Records from a dataset:
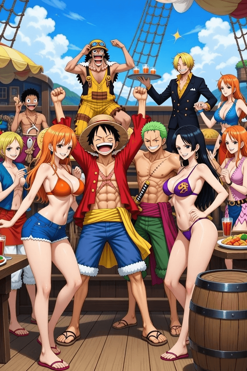 What to expect: The entire female crew (Nami, Robin, Hancock, Yamato, etc.) turned into complete cock-addicted whores. Non-stop gangbangs, bukkake showers, double penetration, ahegao overload. Luffy and the boys (or random pirates) use them like onaholes.
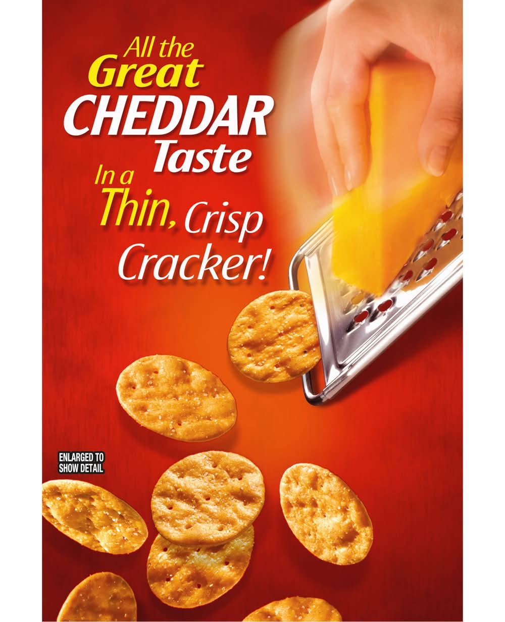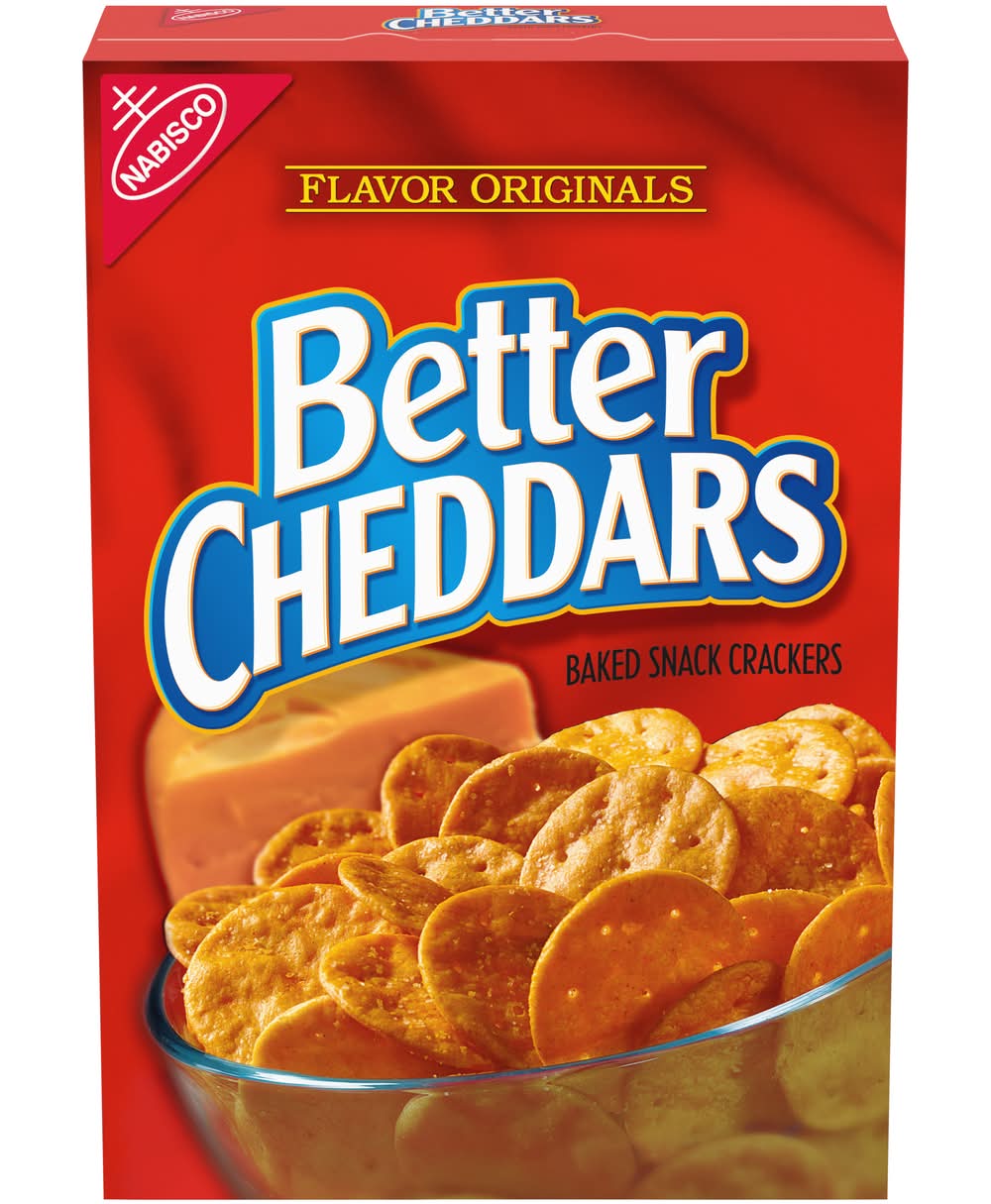 Flavor Originals Better Cheddars Cheddar Cheese Crackers are oven baked with a delightfully crispy, thin texture and an irresistible crunch. Pack these cheddar crackers in lunchboxes for a crunchy companion to sandwiches or add these cheese crackers to your snack food shelf as a tasty afternoon snack by themselves. Serve these cheese snacks alongside other crackers, cheese crackers, potato chips and snacks or by themselves for a delightfully crispy and cheesy snack that's great for munching without filling up. Includes one 6.5 oz box of Better Cheddars Baked Snack Crackers.
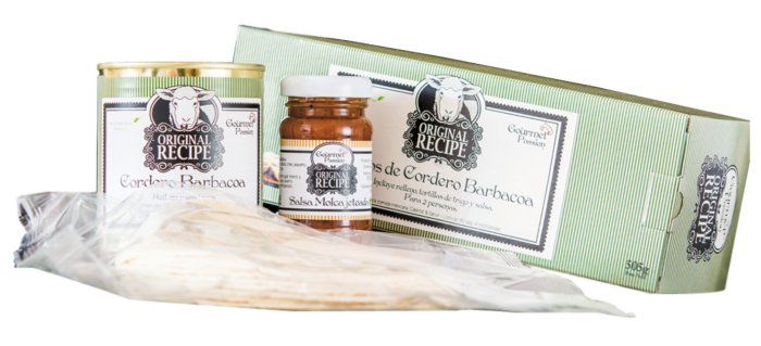 Se trata de un kit para 2 personas tacos de cordero barbacoa. El kit contiene los siguientes productos: tacos de cordero barbacoa con relleno, tortillas de trigo y salsa Gourmet Passion México. Hecho con pierna de cordero deshuesada, laurel, especias y sal. Vamos, que es el menú para un auténtico mexicano.
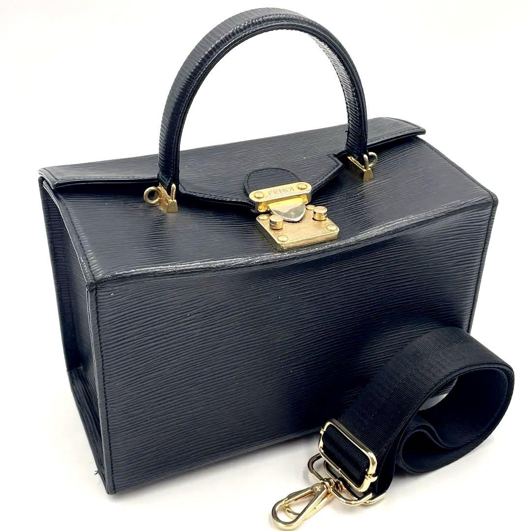 FENDI Vanity Bag Hand Shoulder Bag Tote Purse 2way Leather Black Authentic
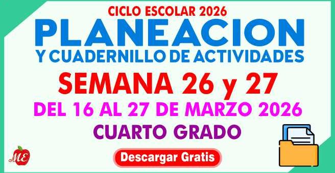 Planeación y cuadernillo de actividades semana 26 y 27 Cuarto Grado 2026, TOMO I, TOMO II y TOMO III
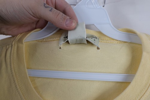 Holes inner collar/back top. Blemish front middle. Color faded
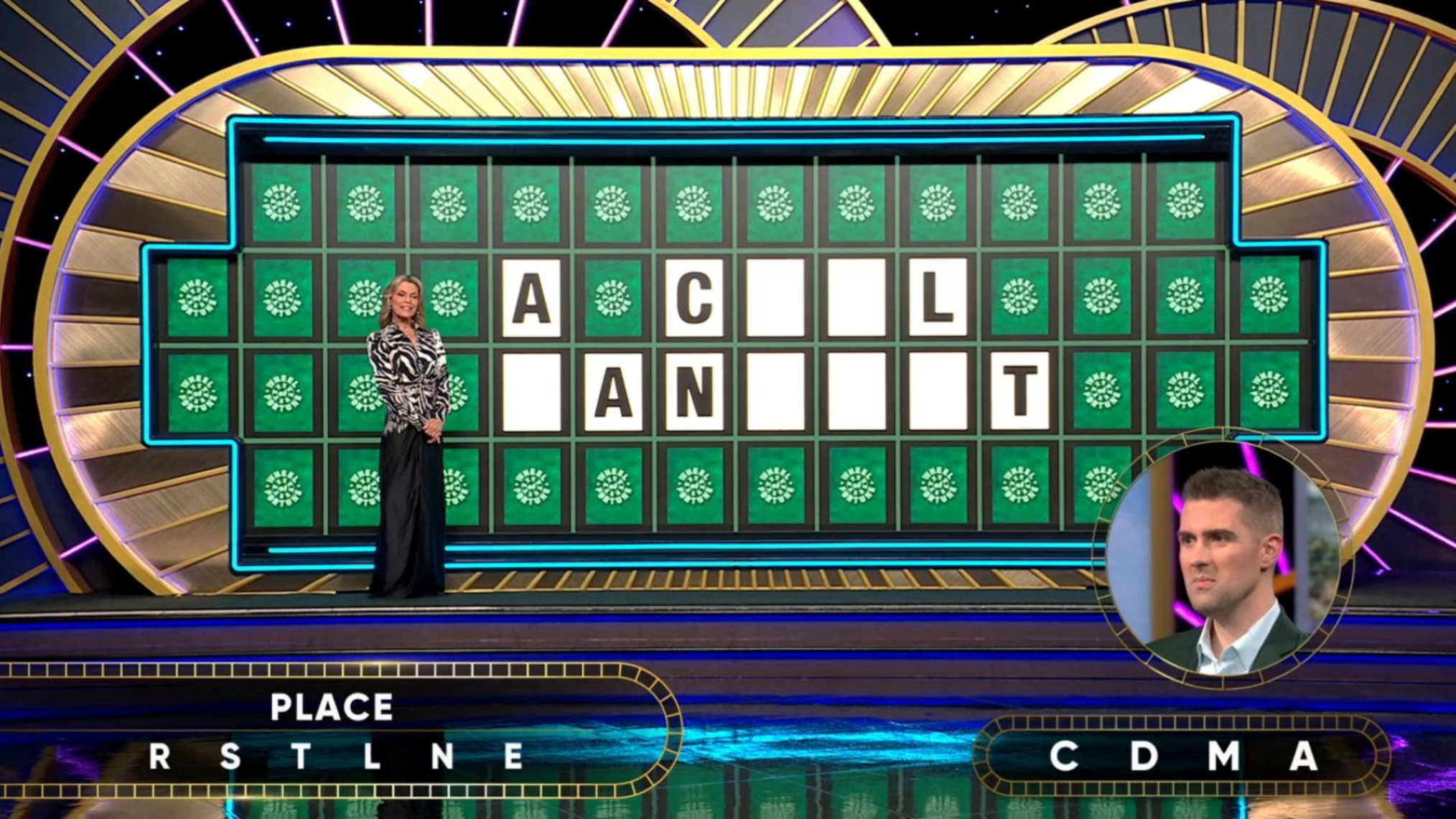 Thompson was given “R,S,T,L,N, and E” by Wheel of Fortune. He picked “C,D,M, and A” to round out his puzzle. It then looked like “A C_ _L _AN_ _ _T.”
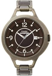 Combining progressive styling with one-of-a-kind technology, this Timex Women's Expedition Fashion Watch #T29647 is perfect for a night out or a weekend adventure. Powered by analog-quartz movement, this stunning timepiece features a stationary silver-tone brass bezel, a 32-millimeter brass case, and a durable mineral dial window. A sturdy polyurethane band and its accompanying fold-over-with-hidden-double-push-button-safety clasp ensure an easy and comfortable fit. The rich brown dial face features alternating silver-tone bead indexes and stylized Arabic numerals, and for added clarity and precision, a series of black stand-out hour indexes ring the dial face, while a handy date calendar rests at the three-o'clock position. Water resistant up to 330 feet, this watch is backed by a 1-year manufacturer's warranty.
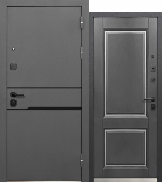 Дверь металлическая Luxor Классика Эмалит белый Муар 7024 / Эмалит белыйДверь металлическая Luxor 2МДФ Куб Нео Сатин графит / Эмалит белый

WHAT THIS TASK INVOLVES :: Starting with the line that has "Flavor Originals Better" and ending with the line that has "Thompson was given", repeat the lines above exactly, omitting every picture.

ANSWER TO THIS EXERCISE ::
 Flavor Originals Better Cheddars Cheddar Cheese Crackers are oven baked with a delightfully crispy, thin texture and an irresistible crunch. Pack these cheddar crackers in lunchboxes for a crunchy companion to sandwiches or add these cheese crackers to your snack food shelf as a tasty afternoon snack by themselves. Serve these cheese snacks alongside other crackers, cheese crackers, potato chips and snacks or by themselves for a delightfully crispy and cheesy snack that's great for munching without filling up. Includes one 6.5 oz box of Better Cheddars Baked Snack Crackers.
 Se trata de un kit para 2 personas tacos de cordero barbacoa. El kit contiene los siguientes productos: tacos de cordero barbacoa con relleno, tortillas de trigo y salsa Gourmet Passion México. Hecho con pierna de cordero deshuesada, laurel, especias y sal. Vamos, que es el menú para un auténtico mexicano.
 FENDI Vanity Bag Hand Shoulder Bag Tote Purse 2way Leather Black Authentic
 Planeación y cuadernillo de actividades semana 26 y 27 Cuarto Grado 2026, TOMO I, TOMO II y TOMO III
 Holes inner collar/back top. Blemish front middle. Color faded
 Thompson was given “R,S,T,L,N, and E” by Wheel of Fortune. He picked “C,D,M, and A” to round out his puzzle. It then looked like “A C_ _L _AN_ _ _T.”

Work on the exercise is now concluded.